Но, кажется, я увлекаюсь и снова начинаю переписывать стихи Кушнера.
Непонятно, почему одни стихи вдохновляют на собственное творчество, а другие, отнюдь не худшие, а иной раз и лучшие, мешают писать. Я почти не знаю стихов наизусть. Наверное, это защитная реакция организма. Гораздо больше, чем поэзия, будоражат, раскрепощают и помогают писать, развязывая язык, смежные искусства: музыка, живопись, книги о музыке и живописи. Был незабываемый год, когда я жила Ван-Гогом: его картинами, книгами о нем, перепиской с братом. Вдохновившись живописью и личностью Ван-Гога, я написала кучу стихов. Стихи были плохие и ушли в корзину, но одно, написанное много позже, осталось: "Еще холстов, холстов и красок,/ Для цветовых, бесшумных плясок,/ Еще холстов, еще холстов/ Для расцветающих кустов/ И осыпающихся снова,/ Для неба черного, ночного,/ К утру меняющего цвет.../ Еще холстов, и сил, и лет".
Не могу равнодушно смотреть на полотна Борисова-Мусатова. Даже на бледные копии с его картин. Хватательный инстинкт велит что-то срочно предпринять, чтоб удержать любимое. Вот я и расставляю словесные сети: "Осыпающийся сад / И шмелиное гуденье. / Впереди, как сновиденье, / Дома белого фасад. / Сад, усадьба у пруда, / Звук рояля, шелест юбки... / Давней жизни абрис хрупкий, / Абрис зыбкий, как вода, / Лишь в душе запечатлен. / Я впитала с каплей млечной / Нежность к жизни быстротечной / Ускользающих времен..."

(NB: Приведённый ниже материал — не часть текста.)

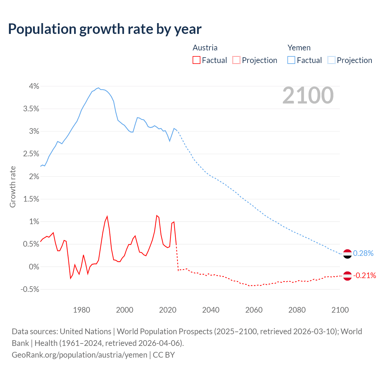 - For the last 10 years, Austria has had an average growth rate of +0.72% per year vs +3% in Yemen.
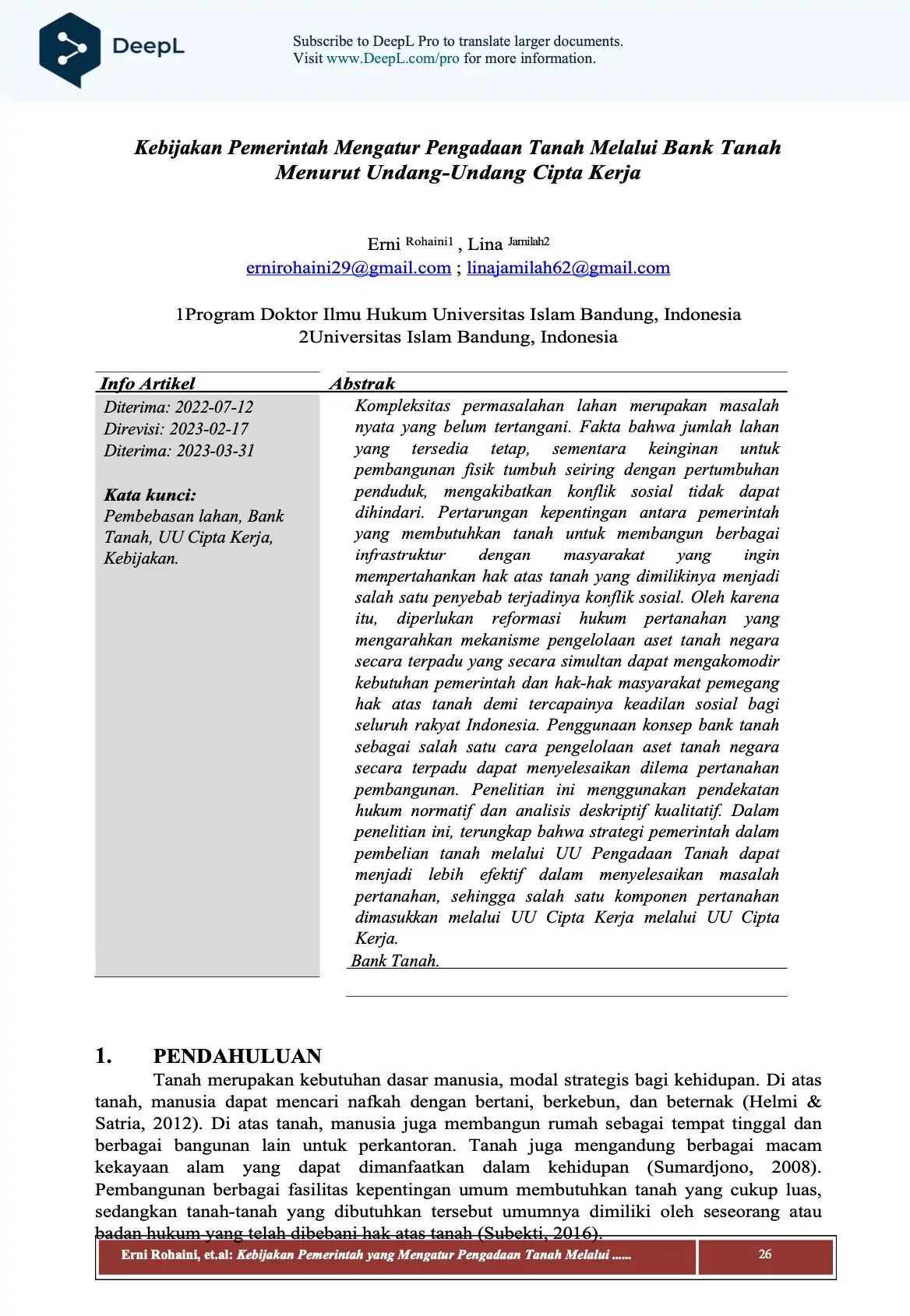 Konsep Bank Tanah diajukan sebagai salah satu metode pengelolaan aset tanah negara yang terpadu untuk menyelesaikan dilema pertanahan pembangunan. Penelitian ini menggunakan pendekatan hukum normatif dan analisis deskriptif kualitatif untuk mengungkap strategi pemerintah dalam pengadaan tanah melalui Undang-Undang Pengadaan Tanah, serta memperkenalkan komponen pertanahan melalui Undang-Undang Cipta Kerja, yaitu Bank Tanah.
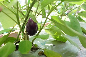 今日はナスがなりました。紫色がとてもきれいです。キュウリと違って,すべすべでしたね。1個しかとれなかったので,給食にはまだ出ませんが,楽しみにしていてください。
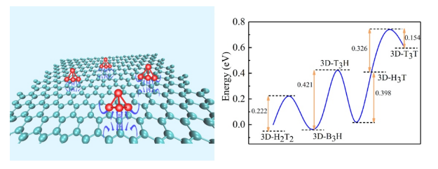 这项工作研究了石墨烯上吸附的小金属团簇的独特量子磁悬浮效应。使用第一性原理计算,作者发现了类似玉米构型的四面体Fe4团簇和石墨烯之间的感应磁矩。首先,在没有外部能量注入的情况下,3D磁性Fe4团簇在石墨烯中自发地诱导了抗磁矩。此外,作为Fen团簇中最小的3D粒子,Fe4团簇可以通过Fe团簇和石墨烯之间的排斥磁相互作用悬浮起来。Fe4团簇在石墨烯上的不同吸附构型之间转换的最大能垒低至0.8eV,使得Fe4团簇可以在很容易在不同位点之间扩散。转换能量屏障相对较低,从而导致低的能量消耗。重要的是,Fe团簇之间的排斥可能导致形成超高密度(1.18×1014/cm2)的独立量子点阵列,并避免形成更大的团簇。这些量子态可用于下一代计算应用的纳米级数据存储设备,而小扩散势垒可能在量子机械传感和纳米级磁悬浮方面提供潜在应用。
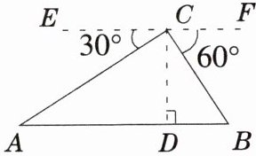 解:由已知,得∠ECA=30°,∠FCB=60°,CD=90,EF//AB,CD⊥AB于点D,
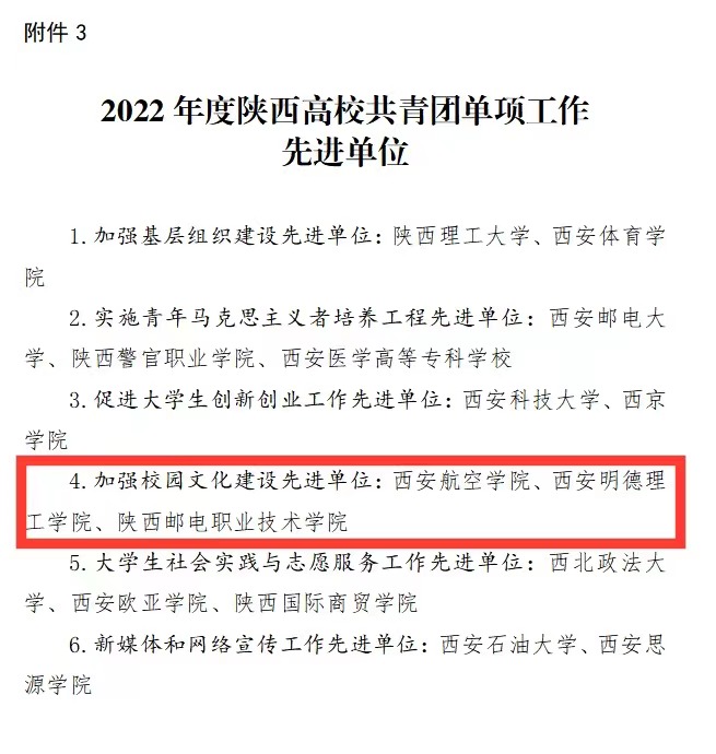 近日,共青团陕西省委、中共陕西省委教育工委联合发布了《共青团陕西省委、中共陕西省委教育工委关于2022年度陕西高校共青团述职评议考核结果的通报》文件,其中36365官网荣获“加强校园文化建设先进单位”,校党委副书...
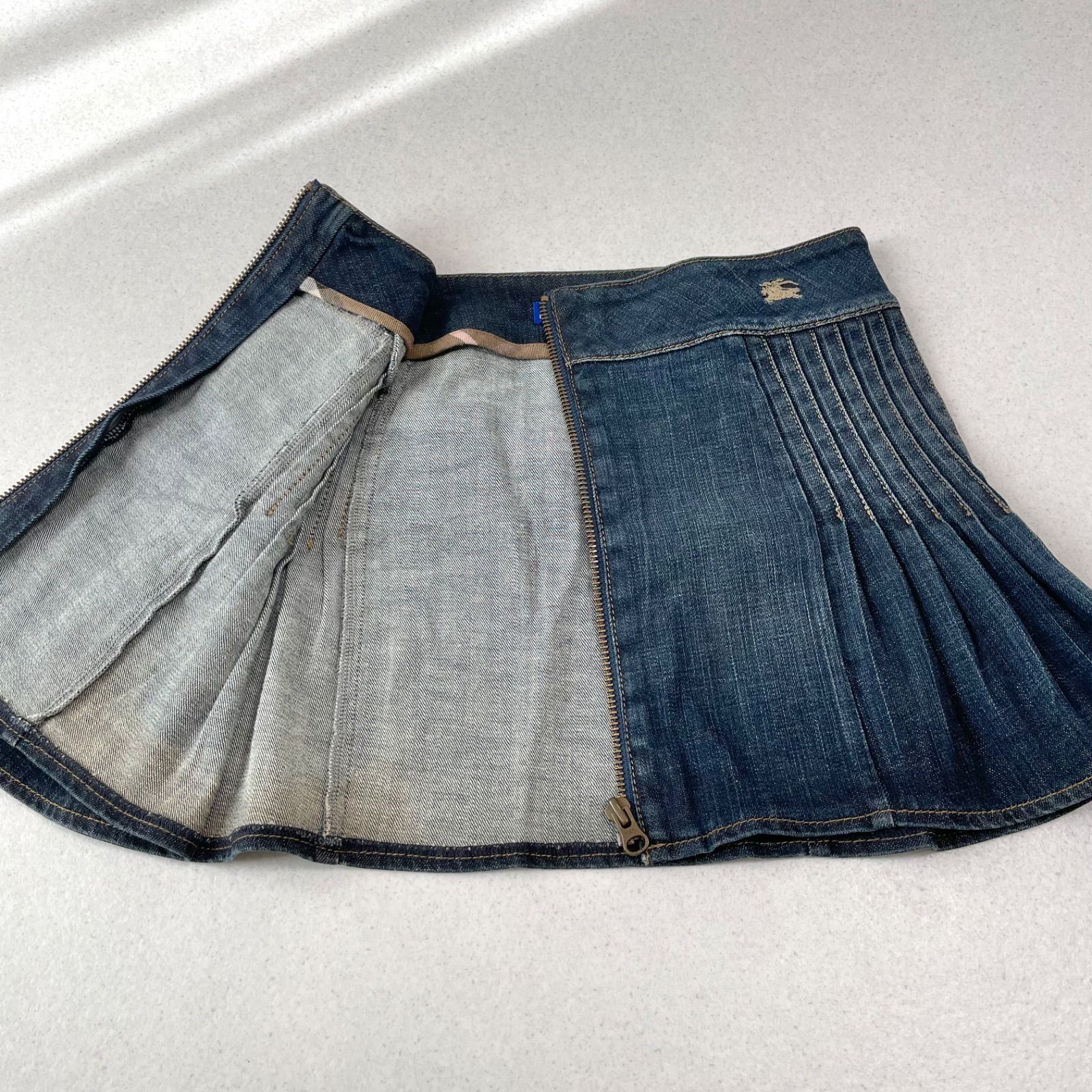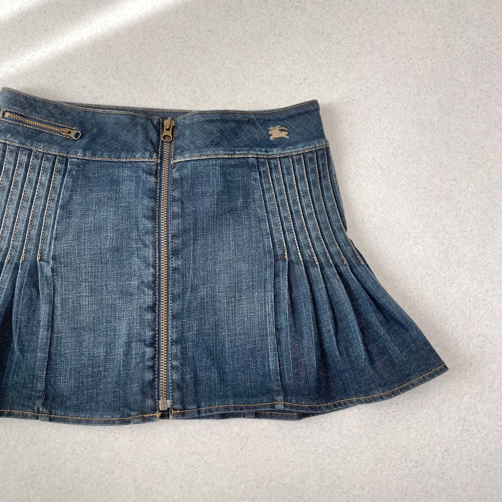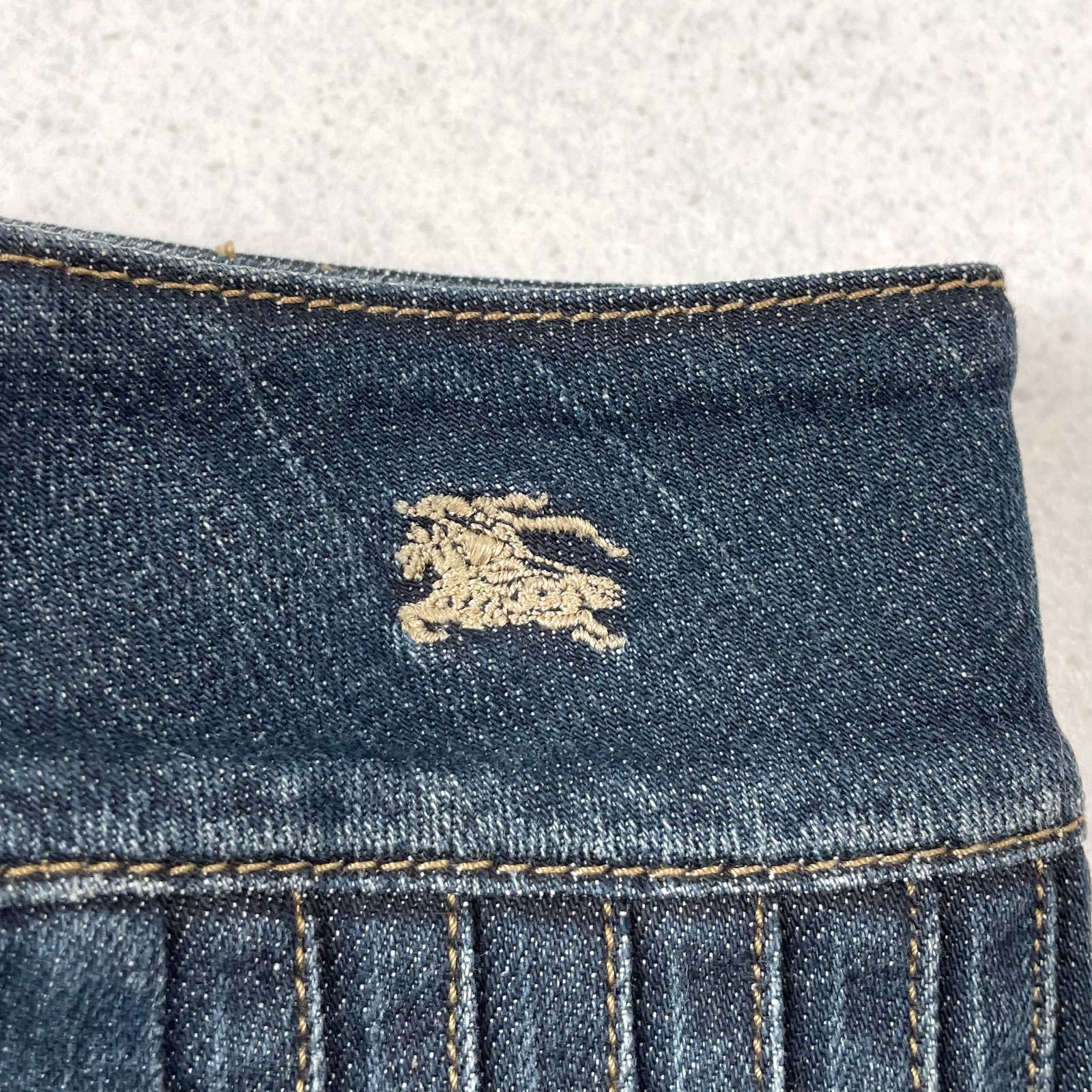 Y2K バーバリーブルーレーベル ギミック ホースロゴ刺繍 ベルト タック デニム プリーツ ミニスカート ストレッチあり 平成ギャル フェアリーグランジ BURBERRY BLUE LABEL
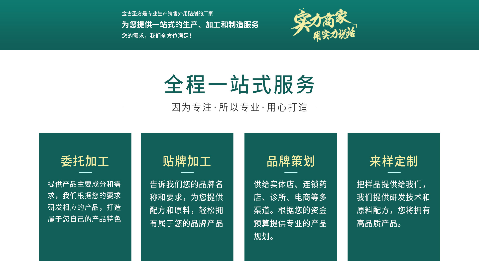 郑州金古圣方药业有限公司&河南金古圣方生物科技开发有限公司(生产企业), 弘扬中医文化,致力百姓健康!公司主要生产、销售祖国中医五大药物剂型之一的膏药贴剂;优势产品:汉方贴小儿穴位贴,失眠贴,眼贴,足贴,前列腺贴,三伏贴,三九贴,鼻炎膏,痔疮膏,戒烟贴、乳腺贴、口苦口臭贴、小儿化积健脾贴、小儿腹泻贴、小儿咳喘贴、小儿解感贴、小儿消食贴、筋骨疼痛贴、酸麻肿痛贴、颈肩腰腿贴、万痛筋骨贴等产品。 金古圣方药业公司贯彻"质量保障"的原则,以“关爱生命、关注健康、奉献社会”为企业理念,与国内多家医学机构合作,凭借“诚信、沟通、双赢、永续”的经营理念,赢得代理商与消费者的良好口碑
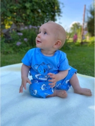 Dolce e confortevole pigiama estivo per bambini della collezione New Baby Dream, piacevole al tatto grazie al materiale morbidissimo e al motivo giocoso con l'orsetto. Il set in 100% cotone è composto da una maglietta a maniche corte e shorts, delicati sulla pelle dei bambini, che non limitano i movimenti e vestono alla perfezione grazie alla vita elastica. Ideale per dormire e anche come abbigliamento estivo leggero.
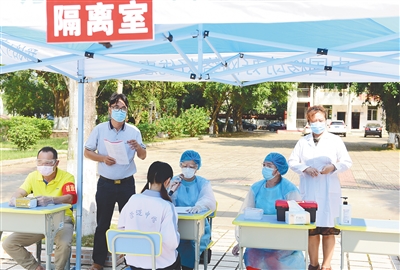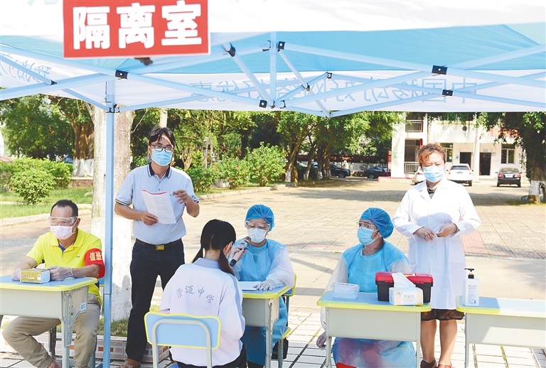 海南日报记者在现场看到,在红光学校篮球场上,校方利用遮阳帐篷搭建应急防控指挥部、模拟教室、隔离观察室、校长室、学校后勤处、卫生院等8个模拟场所。校领导、教师、学生、医务人员等佩戴口罩,在指定地点就位,参演人员跟随场景切换及旁白指令做出下一步反应。

И такую же потребность поймать, удержать вызывают у меня картины Марка Шагала и Зинаиды Серебряковой. Их живопись - это детская улыбка на сумрачном лице века. Еще более мучительное томление духа испытываю при слушании музыки. Одним из самых сильных впечатлений было знакомство с последней сонатой Бетховена в исполнении Юдиной. Тогда же я прочла "Доктора Фаустуса" Томаса Манна и была ошарашена конгениальным описанием этой сонаты в лекции Кречмара. Было наслаждение слушать музыку и читать о ней точные, пронзительные строки Томаса Манна: " ... а потом настает момент, обостренный до крайности, когда кажется, что бедный мотив одиноко, покинуто парит над бездонной, зияющей пропастью - момент такой возвышенности, что кровь отливает от лица, и за ним по пятам следует боязливое самоуничижение, робкий испуг, испуг перед тем, что такое могло свершиться. Но до конца свершается еще многое, а под конец - в то время, как этот конец наступает, - в доброе, в нежное самым неожиданным, захватывающим образом врываются мрак, одержимость, упорство. Долго звучащий мотив, который говорит "прости" слушателю и сам становится прощанием, прощальным зовом, кивком, - это ре-соль-соль претерпевает некое изменение, как бы чуть-чуть мелодически расширяется. После печального до он, прежде чем перейти к ре, вбирает в себя до-диез, так что теперь пришлось бы скандировать уже не "синь-небес" или "будь-здоров", а "о, ты синь-небес!" "будь здоров, мой друг!", "зелен дольний луг" - и нет свершения трогательнее, утешительнее, чем это печально-всепрощающее до-диез. Оно как горестная ласка, как любовное прикосновение к волосам, к щеке, как тихий глубокий взгляд в чьи-то глаза. Страшно очеловеченное, оно осеняло крестом всю чудовищно разросшуюся композицию, прижимало ее к груди слушателя для последнего лобзанья с такой болью, что глаза наполнялись слезами: "по-за-будь печаль!" "Бог велик и благ!" "Всё лишь сон один!" "Не кляни меня!" Затем это обрывается.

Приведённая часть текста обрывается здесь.